Restate the following entries exactly. Keep the pictures out.

[[ Records supplied open ]]

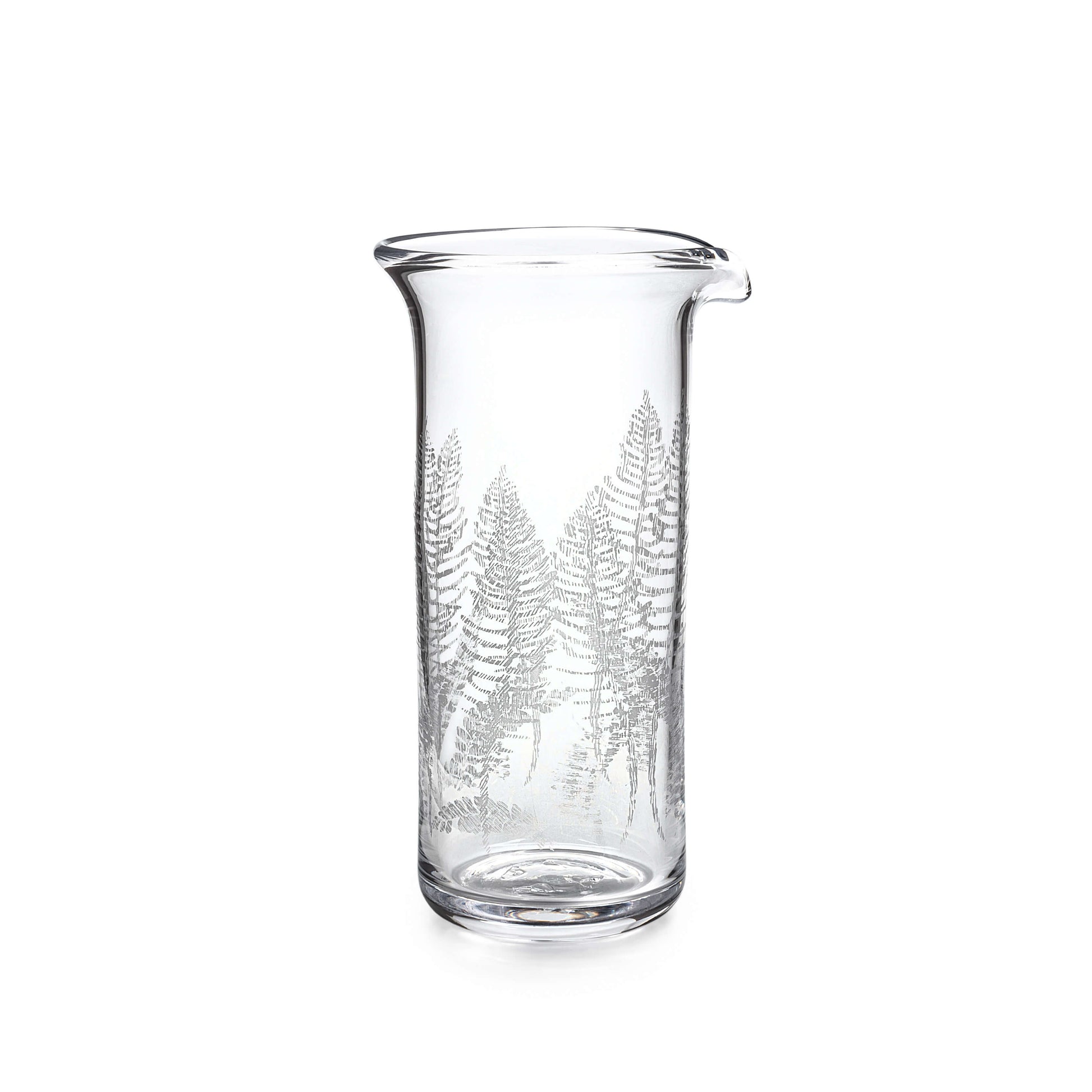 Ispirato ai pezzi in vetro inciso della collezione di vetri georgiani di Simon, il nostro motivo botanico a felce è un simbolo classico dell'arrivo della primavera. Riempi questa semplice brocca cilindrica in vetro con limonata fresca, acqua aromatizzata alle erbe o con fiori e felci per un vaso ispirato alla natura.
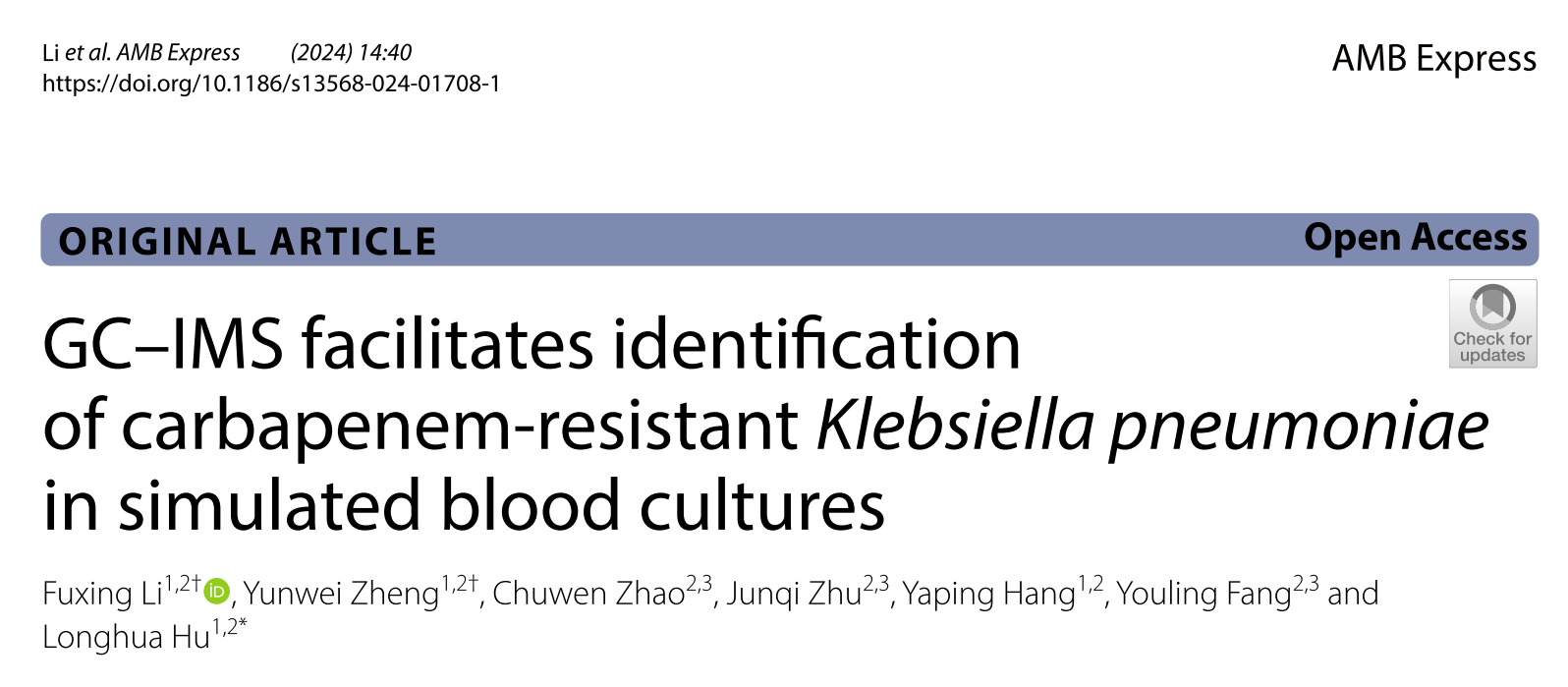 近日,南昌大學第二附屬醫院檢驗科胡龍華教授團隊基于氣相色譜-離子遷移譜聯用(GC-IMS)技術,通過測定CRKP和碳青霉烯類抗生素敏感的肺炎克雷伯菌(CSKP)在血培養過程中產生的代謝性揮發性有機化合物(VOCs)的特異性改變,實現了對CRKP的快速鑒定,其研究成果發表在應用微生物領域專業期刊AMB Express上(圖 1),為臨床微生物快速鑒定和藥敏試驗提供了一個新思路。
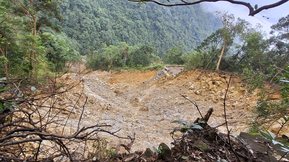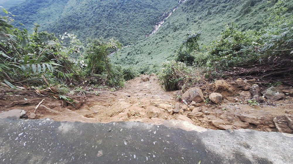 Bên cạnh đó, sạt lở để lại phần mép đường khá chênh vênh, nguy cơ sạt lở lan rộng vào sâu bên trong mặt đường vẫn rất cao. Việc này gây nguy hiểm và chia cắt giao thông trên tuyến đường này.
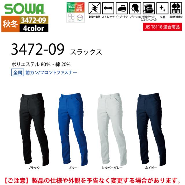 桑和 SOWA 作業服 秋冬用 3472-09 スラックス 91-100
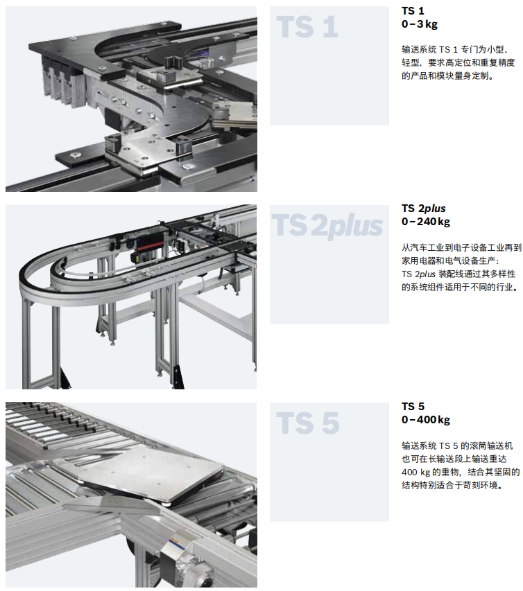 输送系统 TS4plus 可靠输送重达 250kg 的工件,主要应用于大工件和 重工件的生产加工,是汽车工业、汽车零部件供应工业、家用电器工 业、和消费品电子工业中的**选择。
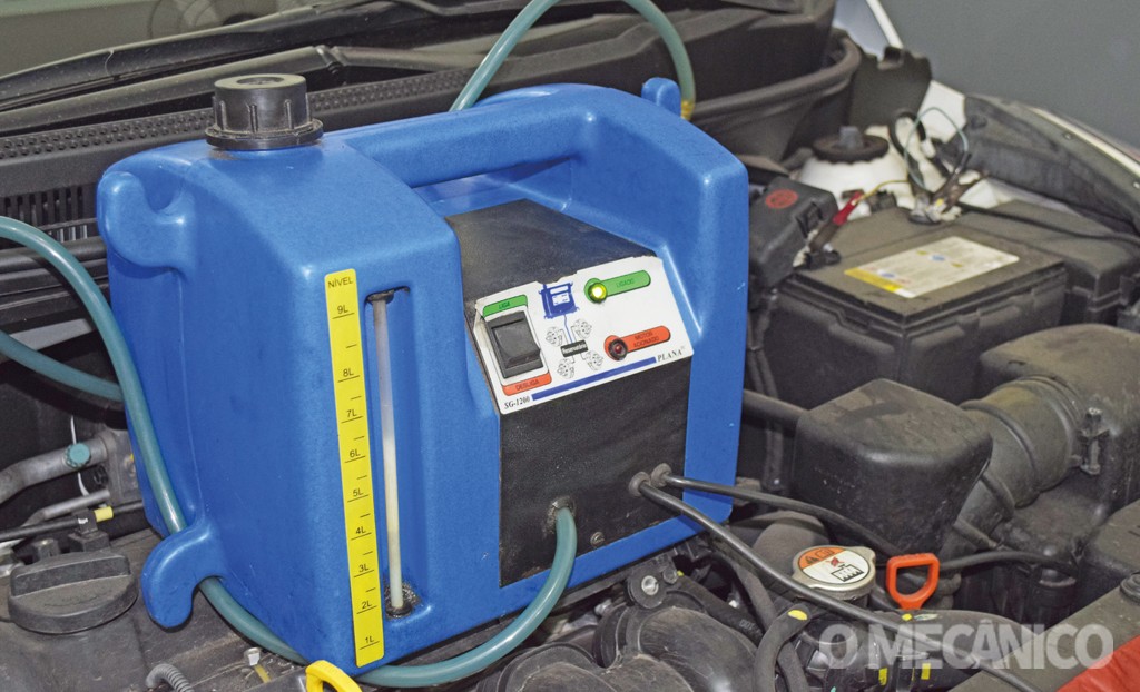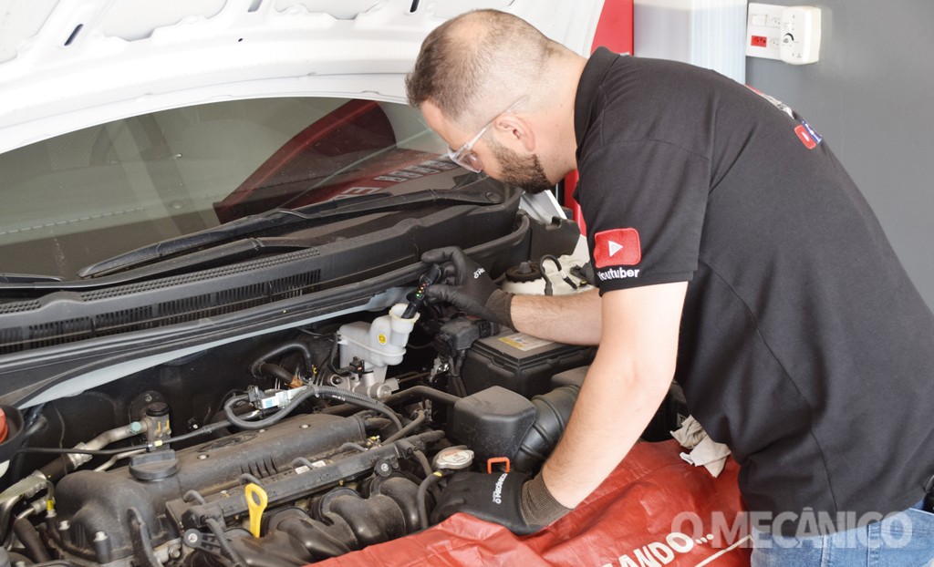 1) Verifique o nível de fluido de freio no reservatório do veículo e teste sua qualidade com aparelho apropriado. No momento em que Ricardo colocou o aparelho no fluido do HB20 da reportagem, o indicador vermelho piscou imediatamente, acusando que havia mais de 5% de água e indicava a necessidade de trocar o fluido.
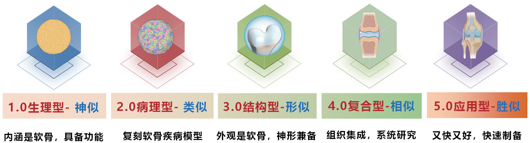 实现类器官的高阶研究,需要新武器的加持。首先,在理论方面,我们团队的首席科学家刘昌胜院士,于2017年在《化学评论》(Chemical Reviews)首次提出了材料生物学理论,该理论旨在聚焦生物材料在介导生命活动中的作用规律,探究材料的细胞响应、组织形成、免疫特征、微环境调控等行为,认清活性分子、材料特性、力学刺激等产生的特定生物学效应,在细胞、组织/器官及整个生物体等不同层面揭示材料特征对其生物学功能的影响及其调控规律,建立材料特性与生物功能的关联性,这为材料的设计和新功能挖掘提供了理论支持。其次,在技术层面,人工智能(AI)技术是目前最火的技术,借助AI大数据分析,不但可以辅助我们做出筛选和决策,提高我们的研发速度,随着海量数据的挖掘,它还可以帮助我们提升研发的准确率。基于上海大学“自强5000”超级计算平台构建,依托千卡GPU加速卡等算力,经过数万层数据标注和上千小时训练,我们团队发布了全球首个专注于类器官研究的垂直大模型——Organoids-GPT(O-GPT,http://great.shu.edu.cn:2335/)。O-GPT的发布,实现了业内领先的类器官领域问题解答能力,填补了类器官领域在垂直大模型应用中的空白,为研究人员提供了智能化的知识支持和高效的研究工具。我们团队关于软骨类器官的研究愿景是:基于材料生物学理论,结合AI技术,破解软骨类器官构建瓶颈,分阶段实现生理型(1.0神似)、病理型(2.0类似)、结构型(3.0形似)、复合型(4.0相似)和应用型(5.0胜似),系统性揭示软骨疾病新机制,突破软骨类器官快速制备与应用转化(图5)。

[[ Records supplied closed ]]

▶ **Answer box**:
 Ispirato ai pezzi in vetro inciso della collezione di vetri georgiani di Simon, il nostro motivo botanico a felce è un simbolo classico dell'arrivo della primavera. Riempi questa semplice brocca cilindrica in vetro con limonata fresca, acqua aromatizzata alle erbe o con fiori e felci per un vaso ispirato alla natura.
 近日,南昌大學第二附屬醫院檢驗科胡龍華教授團隊基于氣相色譜-離子遷移譜聯用(GC-IMS)技術,通過測定CRKP和碳青霉烯類抗生素敏感的肺炎克雷伯菌(CSKP)在血培養過程中產生的代謝性揮發性有機化合物(VOCs)的特異性改變,實現了對CRKP的快速鑒定,其研究成果發表在應用微生物領域專業期刊AMB Express上(圖 1),為臨床微生物快速鑒定和藥敏試驗提供了一個新思路。
 Bên cạnh đó, sạt lở để lại phần mép đường khá chênh vênh, nguy cơ sạt lở lan rộng vào sâu bên trong mặt đường vẫn rất cao. Việc này gây nguy hiểm và chia cắt giao thông trên tuyến đường này.
 桑和 SOWA 作業服 秋冬用 3472-09 スラックス 91-100
 输送系统 TS4plus 可靠输送重达 250kg 的工件,主要应用于大工件和 重工件的生产加工,是汽车工业、汽车零部件供应工业、家用电器工 业、和消费品电子工业中的**选择。
 1) Verifique o nível de fluido de freio no reservatório do veículo e teste sua qualidade com aparelho apropriado. No momento em que Ricardo colocou o aparelho no fluido do HB20 da reportagem, o indicador vermelho piscou imediatamente, acusando que havia mais de 5% de água e indicava a necessidade de trocar o fluido.
 实现类器官的高阶研究,需要新武器的加持。首先,在理论方面,我们团队的首席科学家刘昌胜院士,于2017年在《化学评论》(Chemical Reviews)首次提出了材料生物学理论,该理论旨在聚焦生物材料在介导生命活动中的作用规律,探究材料的细胞响应、组织形成、免疫特征、微环境调控等行为,认清活性分子、材料特性、力学刺激等产生的特定生物学效应,在细胞、组织/器官及整个生物体等不同层面揭示材料特征对其生物学功能的影响及其调控规律,建立材料特性与生物功能的关联性,这为材料的设计和新功能挖掘提供了理论支持。其次,在技术层面,人工智能(AI)技术是目前最火的技术,借助AI大数据分析,不但可以辅助我们做出筛选和决策,提高我们的研发速度,随着海量数据的挖掘,它还可以帮助我们提升研发的准确率。基于上海大学“自强5000”超级计算平台构建,依托千卡GPU加速卡等算力,经过数万层数据标注和上千小时训练,我们团队发布了全球首个专注于类器官研究的垂直大模型——Organoids-GPT(O-GPT,http://great.shu.edu.cn:2335/)。O-GPT的发布,实现了业内领先的类器官领域问题解答能力,填补了类器官领域在垂直大模型应用中的空白,为研究人员提供了智能化的知识支持和高效的研究工具。我们团队关于软骨类器官的研究愿景是:基于材料生物学理论,结合AI技术,破解软骨类器官构建瓶颈,分阶段实现生理型(1.0神似)、病理型(2.0类似)、结构型(3.0形似)、复合型(4.0相似)和应用型(5.0胜似),系统性揭示软骨疾病新机制,突破软骨类器官快速制备与应用转化(图5)。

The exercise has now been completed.